● **Task to complete**: Look below for the line that has "مادربورد VivoMini UN66،"; output exactly from it through the line that has "旧魚市場、聖ヴェーレ広場のす", and leave the pictures out.

● **Study material**:
....

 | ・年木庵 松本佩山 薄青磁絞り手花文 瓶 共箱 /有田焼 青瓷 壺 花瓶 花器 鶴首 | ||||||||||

....

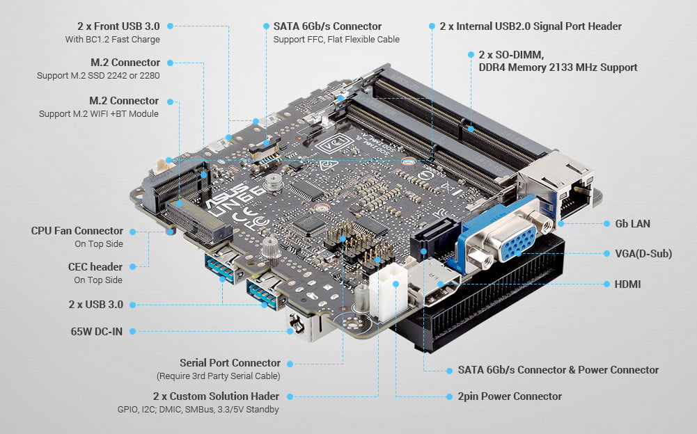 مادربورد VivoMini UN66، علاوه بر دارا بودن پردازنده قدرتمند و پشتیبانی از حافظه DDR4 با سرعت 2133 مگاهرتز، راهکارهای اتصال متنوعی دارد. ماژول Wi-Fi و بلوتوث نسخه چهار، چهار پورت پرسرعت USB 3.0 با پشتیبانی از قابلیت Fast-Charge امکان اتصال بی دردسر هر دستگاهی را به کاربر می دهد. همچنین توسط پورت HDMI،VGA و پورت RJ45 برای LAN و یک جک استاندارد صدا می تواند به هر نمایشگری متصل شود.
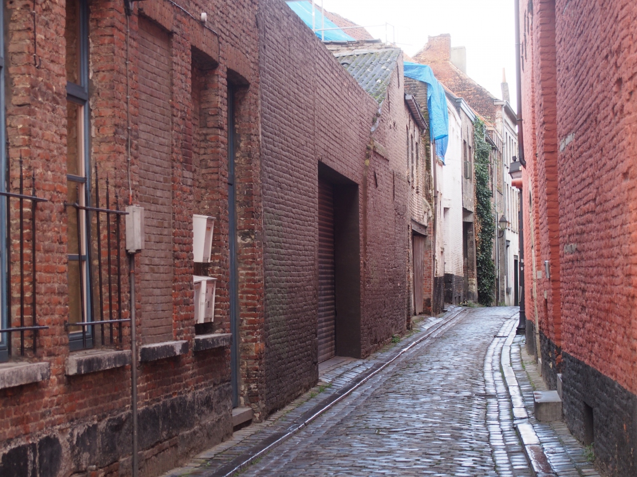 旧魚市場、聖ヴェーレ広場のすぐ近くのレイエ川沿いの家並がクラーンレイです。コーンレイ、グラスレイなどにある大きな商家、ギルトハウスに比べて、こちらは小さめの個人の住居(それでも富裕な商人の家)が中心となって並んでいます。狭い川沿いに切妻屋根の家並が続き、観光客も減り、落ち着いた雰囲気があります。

....

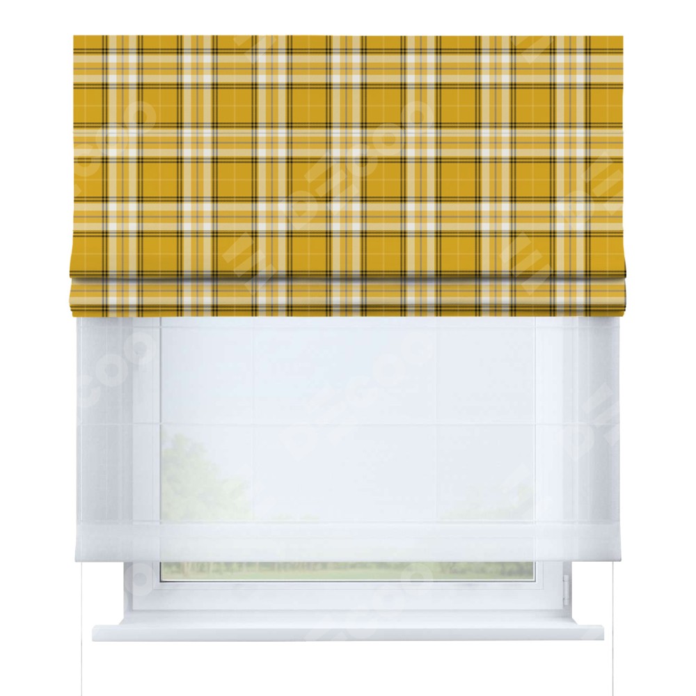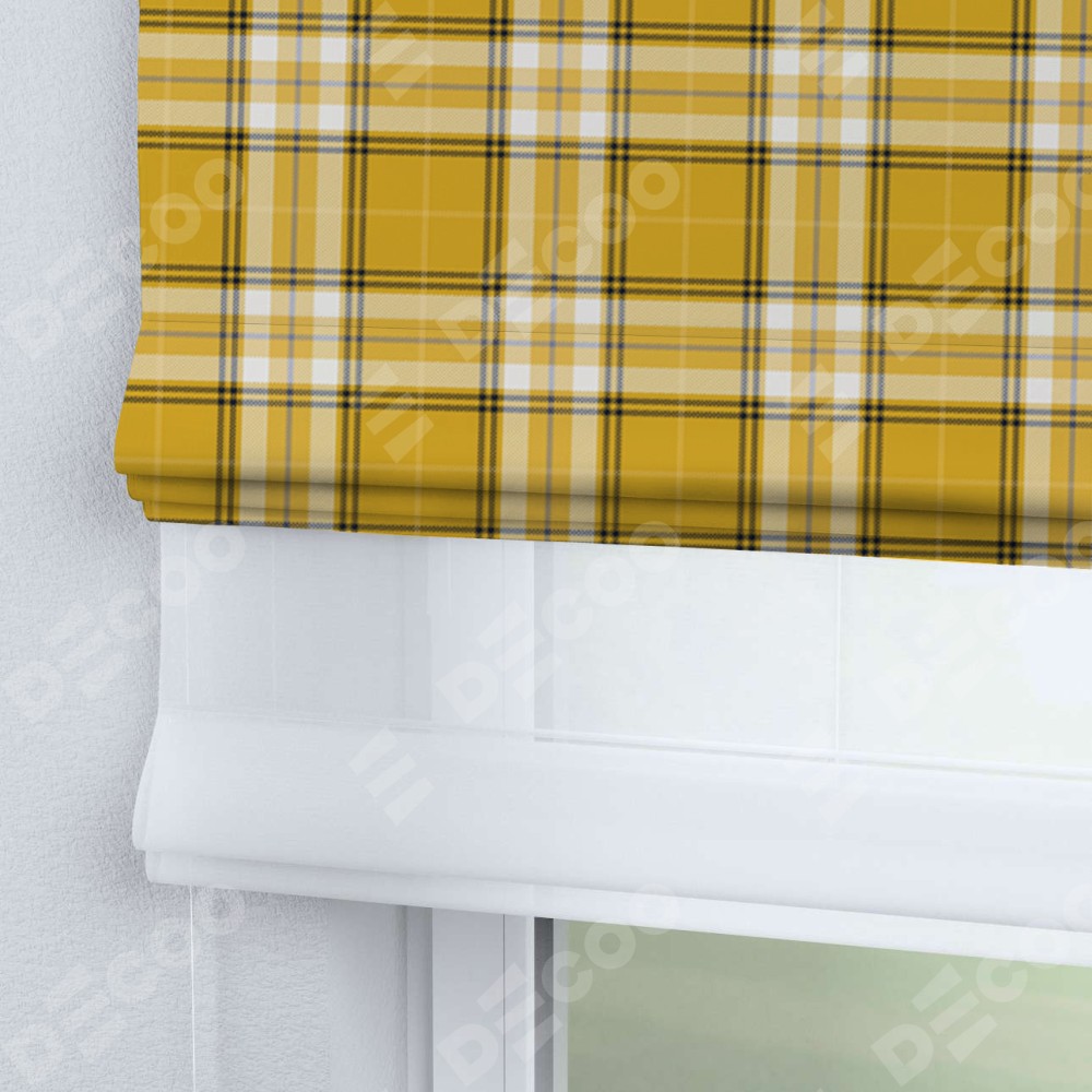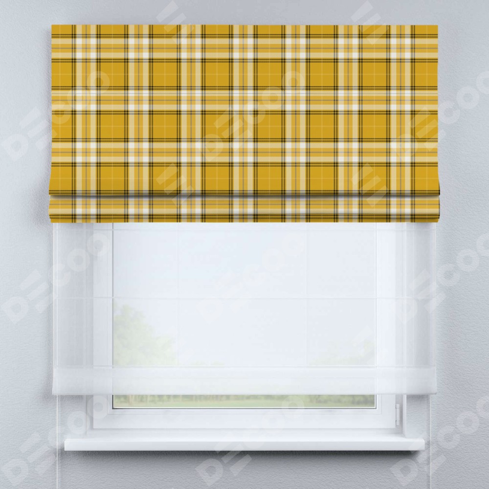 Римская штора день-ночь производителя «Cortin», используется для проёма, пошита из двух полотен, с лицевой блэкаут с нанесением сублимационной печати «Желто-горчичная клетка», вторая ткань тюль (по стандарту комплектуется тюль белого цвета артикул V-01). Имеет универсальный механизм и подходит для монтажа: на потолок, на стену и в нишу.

....

● **Answer section**:
 مادربورد VivoMini UN66، علاوه بر دارا بودن پردازنده قدرتمند و پشتیبانی از حافظه DDR4 با سرعت 2133 مگاهرتز، راهکارهای اتصال متنوعی دارد. ماژول Wi-Fi و بلوتوث نسخه چهار، چهار پورت پرسرعت USB 3.0 با پشتیبانی از قابلیت Fast-Charge امکان اتصال بی دردسر هر دستگاهی را به کاربر می دهد. همچنین توسط پورت HDMI،VGA و پورت RJ45 برای LAN و یک جک استاندارد صدا می تواند به هر نمایشگری متصل شود.
 旧魚市場、聖ヴェーレ広場のすぐ近くのレイエ川沿いの家並がクラーンレイです。コーンレイ、グラスレイなどにある大きな商家、ギルトハウスに比べて、こちらは小さめの個人の住居(それでも富裕な商人の家)が中心となって並んでいます。狭い川沿いに切妻屋根の家並が続き、観光客も減り、落ち着いた雰囲気があります。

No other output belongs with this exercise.